Competere sul mercato del terzo millennio significa essere internazionali. È un vero e proprio cambiamento, o comunque continuo aggiornamento culturale quello che si impone alle aziende, e a chi le dirige, perchè se fino a non moltissimo tempo fa l’internazionalizzazione era vissuta come un’opportunità dalle imprese, oggi è una vera e propria condizione necessaria per essere competitivi. Di questo ha parlato a metà dello scorso mese di marzo a Jesi, nelle Marche, Paolo Borzatta, consulente di chiara fama, davanti ai manager che hanno partecipato al workshop organizzato da Federmanager, Confindustria e studio Ambrosetti.

L’esperto ha analizzato il mercato segnalandone i cambiamenti e ipotizzando gli scenari futuri, per dare ai dirigenti indicazioni utili sul come riposizionare le imprese per competere meglio. E le nuove chiavi del successo sembrano essere creatività e innovazione. Si parte dal presupposto che globalizzazione significa vicinanza dei corpi e interconnessione culturale. In 20 anni il mondo ha visto cambiamenti profondi, passando da un sostanziale bipolarismo geopolitico all’attuale pianeta interconnesso. E in vista ci sono certamente altre novità, per esempio sul fronte tecnologico. Nel mondo, stiamo già studiando o applicando scoperte come un chip all’interno del sistema nervoso per comunicare telepaticamente, nanopinzette per creare nanocose, computer in polvere. Quale che sarà effettivamente il futuro, saremo sicuramente diversi da ora.

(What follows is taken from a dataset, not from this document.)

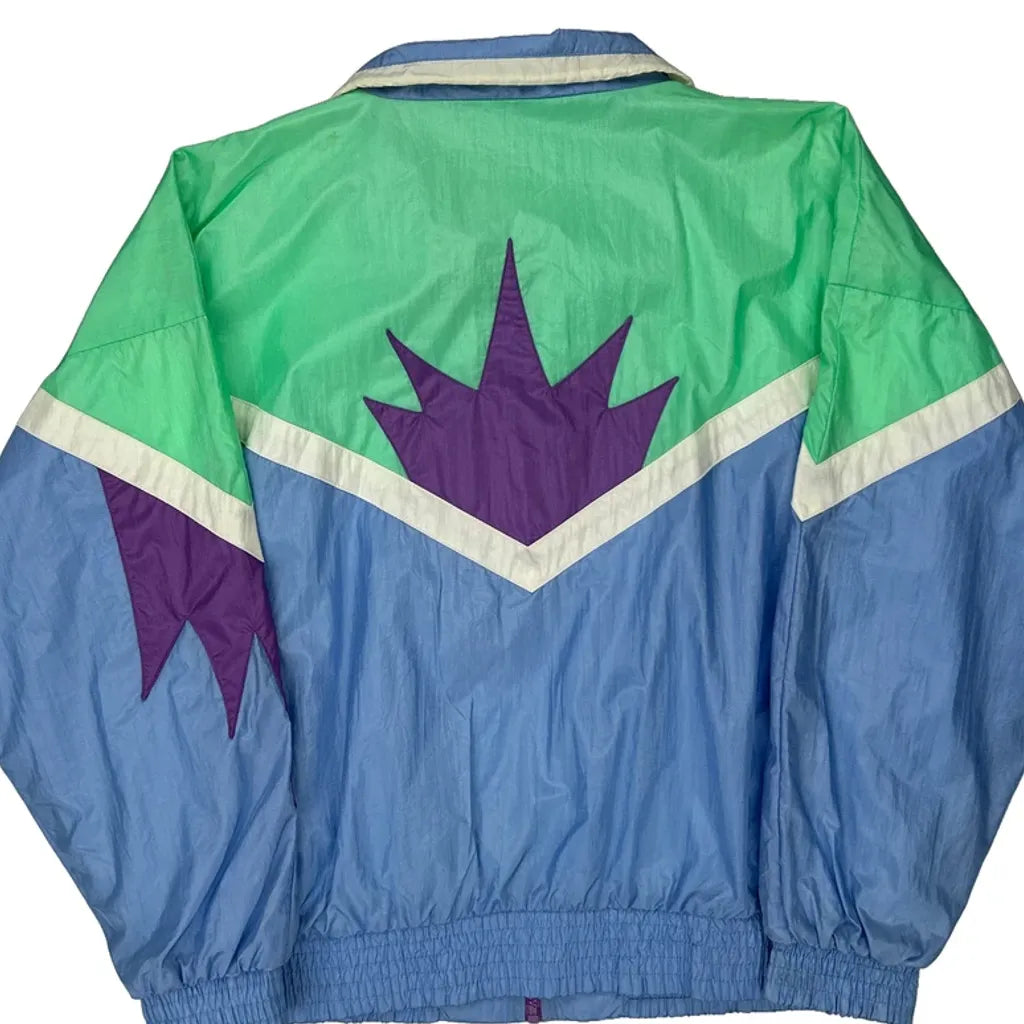 Colorful Retro Windbreaker With Abstract Pattern.

Per quanto riguarda il mondo degli affari, il consulente prevede che nel 2030 ci saranno quattro grandi capitali del pianeta, Londra, New York, Shanghai e Tokyo, seguite da una ventina di grandi “capitali regionali”, fra le quali potrebbero esserci Berlino, Casablanca, Città del Capo, Città del Messico, Francoforte, Giakarta, Hong Kong, Il Cairo, Kuala Lumpur, Los Angeles, Madrid, Mosca, Nuova Delhi, Parigi, Pechino, San Paolo, Sidney, Singapore, Teheran. Quindi, un centinaio di “capitali provinciali” e a seguire le altre città, definite “locali”. Risultato: competizione sempre più dura, non ci sono confini, ciò che non fai tu, lo farà un altro, il tuo mercato domestico non è proteggibile. E allora, la carta di successo saranno creatività ed innovazione.

Non a caso, il mondo si sta riempiendo di “posti caldi” per l’innovazione. Gli esempi di maggior spessore possono essere considerati la Biopolis di Singapore, la Cina che investe massicciamente su tutte le discipline nelle dieci principali università per diventare entro il 2020 un innovation driven country, la Aalto University in Finlandia, la fusione di tre atenei, economia, arte e desing, e tecnologia, con un miliardo di dollari di dotazione per diventare la prima “Innovation University”.

Le aziende, dunque, devono puntare sulla creatività, ed è proprio questo che impone una visione globale. La creatività è direttamente proporzionale al numero di idee diverse che ci ricevono, e le organizzazioni più innovative vengono considerate quelle più aperte al mondo. Il nuovo gioco competitivo si giocherà sull’innovazione, e il leader deve dirigere un’organizzazione che abbia accesso alle migliori risorse in assoluto su scala mondiale.